This part works with the following brands: Whirlpool, Admiral, Estate, Inglis, Kenmore, KitchenAid, Roper, Maytag, Crosley, Jenn-Air, Hardwick, Magic Chef, Amana, Caloric & Glenwood.
This part fixes the following symptoms:
If you've ever replaced a computer hard drive - you can do this too. I didn't even unload the freezer. It really is about 10-15 minutes of work. I ordered the recommended replacement part - which was a newer part#. It's best to remove the shelf barrier under the ice dispenser assembly (pops off) for ease of access - the motor hatch is a bit awkwardly placed. Removing 2 x 1/4" screw nuts pops off the lower hatch on the underside of the ice dispenser assembly. Inside, remove the wire connector + 4 x 1/4 nut driver screws and the whole motor is released, while the hex drive shaft remains attached to the dispenser assembly. No sweat so far. The new motor pops in the same way the old one came out - you might need to give the top of the hex drive shaft a twist to align.
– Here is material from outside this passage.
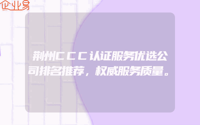 - 荆州CCC认证服务优选公司排名推荐在荆州地区,许多企业为了符合国内外市场的需求和行业标准,都在寻求优质的CCC认证服务。以下是荆州地区CCC认证服务的优选公司排名推荐,权威解析其服务质量,以便企业做出明

A powered nut-driver is recommended to do all of this yoga 2 feet off the floor with only 2 hands. Secure the 4 nut screws and reconnect the wire connector and you're almost done. But wait - read the directions and you notice that there's a rubber washer that has been introduced to prevent water leeching into the motor. @$%^ - didn't see that little thing in the shipping box - ok so I get to do this twice... don't make the same mistake. Attach that rubber washer to the hex shaft. Then, reattach the panel with 2 more nut screws and you really are done. Now dispense some fresh ice into that rum & coke. Ahhh.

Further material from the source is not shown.